**STUDY MATERIAL**:
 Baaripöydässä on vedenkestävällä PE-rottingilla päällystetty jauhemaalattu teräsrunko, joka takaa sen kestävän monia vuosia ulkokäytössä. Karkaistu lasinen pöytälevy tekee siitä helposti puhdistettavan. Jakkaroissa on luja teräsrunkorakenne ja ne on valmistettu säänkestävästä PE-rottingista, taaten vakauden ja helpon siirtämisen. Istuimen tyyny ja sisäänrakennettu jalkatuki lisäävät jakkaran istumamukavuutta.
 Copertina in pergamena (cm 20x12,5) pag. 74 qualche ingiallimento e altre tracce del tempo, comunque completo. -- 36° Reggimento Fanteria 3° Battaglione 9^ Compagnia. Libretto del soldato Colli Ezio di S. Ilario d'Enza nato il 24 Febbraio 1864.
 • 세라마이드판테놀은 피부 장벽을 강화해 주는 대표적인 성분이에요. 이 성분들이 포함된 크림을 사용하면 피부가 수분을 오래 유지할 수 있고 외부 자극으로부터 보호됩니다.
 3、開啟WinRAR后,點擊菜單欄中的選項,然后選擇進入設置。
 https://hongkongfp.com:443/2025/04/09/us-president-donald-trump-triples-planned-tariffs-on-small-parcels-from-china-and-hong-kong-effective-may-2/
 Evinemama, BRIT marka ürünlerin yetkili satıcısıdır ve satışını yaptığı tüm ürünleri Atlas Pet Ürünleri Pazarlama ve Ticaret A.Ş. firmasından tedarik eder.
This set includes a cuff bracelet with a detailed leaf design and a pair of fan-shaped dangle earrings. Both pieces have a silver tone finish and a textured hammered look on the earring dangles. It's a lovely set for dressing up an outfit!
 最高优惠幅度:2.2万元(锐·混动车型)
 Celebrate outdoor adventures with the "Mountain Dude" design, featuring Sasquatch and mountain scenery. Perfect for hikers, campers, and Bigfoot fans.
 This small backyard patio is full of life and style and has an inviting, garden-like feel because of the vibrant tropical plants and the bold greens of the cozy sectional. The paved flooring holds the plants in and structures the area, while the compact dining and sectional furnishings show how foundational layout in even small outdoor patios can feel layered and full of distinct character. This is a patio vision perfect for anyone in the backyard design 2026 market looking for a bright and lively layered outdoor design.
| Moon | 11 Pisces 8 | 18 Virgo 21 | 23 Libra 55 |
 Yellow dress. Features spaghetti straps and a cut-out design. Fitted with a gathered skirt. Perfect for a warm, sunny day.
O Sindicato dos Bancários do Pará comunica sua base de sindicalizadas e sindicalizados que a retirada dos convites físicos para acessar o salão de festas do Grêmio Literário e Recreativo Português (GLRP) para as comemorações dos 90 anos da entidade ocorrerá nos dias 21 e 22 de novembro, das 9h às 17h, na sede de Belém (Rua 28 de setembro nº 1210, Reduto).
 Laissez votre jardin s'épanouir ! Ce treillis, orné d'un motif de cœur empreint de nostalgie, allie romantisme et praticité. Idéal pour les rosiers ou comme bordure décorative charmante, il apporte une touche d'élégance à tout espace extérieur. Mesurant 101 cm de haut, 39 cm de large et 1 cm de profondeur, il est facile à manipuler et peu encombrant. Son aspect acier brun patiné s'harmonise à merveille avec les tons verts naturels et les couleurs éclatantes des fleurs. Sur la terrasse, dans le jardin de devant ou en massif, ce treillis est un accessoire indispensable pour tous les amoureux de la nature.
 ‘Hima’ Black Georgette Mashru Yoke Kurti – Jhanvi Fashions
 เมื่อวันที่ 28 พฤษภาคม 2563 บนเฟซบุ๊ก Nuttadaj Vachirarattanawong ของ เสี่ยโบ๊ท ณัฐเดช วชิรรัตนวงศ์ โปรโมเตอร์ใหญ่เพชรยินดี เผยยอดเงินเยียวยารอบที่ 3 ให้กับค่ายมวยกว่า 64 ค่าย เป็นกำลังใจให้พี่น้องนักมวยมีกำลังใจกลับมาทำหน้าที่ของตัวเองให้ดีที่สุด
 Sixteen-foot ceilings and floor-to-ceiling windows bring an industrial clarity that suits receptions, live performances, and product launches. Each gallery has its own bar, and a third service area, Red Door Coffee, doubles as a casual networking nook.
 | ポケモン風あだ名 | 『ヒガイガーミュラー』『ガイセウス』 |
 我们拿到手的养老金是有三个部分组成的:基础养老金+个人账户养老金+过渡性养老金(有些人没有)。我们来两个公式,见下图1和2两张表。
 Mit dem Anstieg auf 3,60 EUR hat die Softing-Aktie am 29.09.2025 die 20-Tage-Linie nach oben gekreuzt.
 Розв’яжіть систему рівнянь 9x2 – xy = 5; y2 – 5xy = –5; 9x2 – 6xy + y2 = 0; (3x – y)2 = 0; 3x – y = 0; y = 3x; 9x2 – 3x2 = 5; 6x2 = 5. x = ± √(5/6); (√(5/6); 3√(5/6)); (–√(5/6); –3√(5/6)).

**REQUIRED ACTION**: From the records above, transcribe without alteration every line from the one with "O Sindicato dos" to the one with "เมื่อวันที่ 28 พฤษภาคม", inclusive.

**EXERCISE ANSWER**:
O Sindicato dos Bancários do Pará comunica sua base de sindicalizadas e sindicalizados que a retirada dos convites físicos para acessar o salão de festas do Grêmio Literário e Recreativo Português (GLRP) para as comemorações dos 90 anos da entidade ocorrerá nos dias 21 e 22 de novembro, das 9h às 17h, na sede de Belém (Rua 28 de setembro nº 1210, Reduto).
 Laissez votre jardin s'épanouir ! Ce treillis, orné d'un motif de cœur empreint de nostalgie, allie romantisme et praticité. Idéal pour les rosiers ou comme bordure décorative charmante, il apporte une touche d'élégance à tout espace extérieur. Mesurant 101 cm de haut, 39 cm de large et 1 cm de profondeur, il est facile à manipuler et peu encombrant. Son aspect acier brun patiné s'harmonise à merveille avec les tons verts naturels et les couleurs éclatantes des fleurs. Sur la terrasse, dans le jardin de devant ou en massif, ce treillis est un accessoire indispensable pour tous les amoureux de la nature.
 ‘Hima’ Black Georgette Mashru Yoke Kurti – Jhanvi Fashions
 เมื่อวันที่ 28 พฤษภาคม 2563 บนเฟซบุ๊ก Nuttadaj Vachirarattanawong ของ เสี่ยโบ๊ท ณัฐเดช วชิรรัตนวงศ์ โปรโมเตอร์ใหญ่เพชรยินดี เผยยอดเงินเยียวยารอบที่ 3 ให้กับค่ายมวยกว่า 64 ค่าย เป็นกำลังใจให้พี่น้องนักมวยมีกำลังใจกลับมาทำหน้าที่ของตัวเองให้ดีที่สุด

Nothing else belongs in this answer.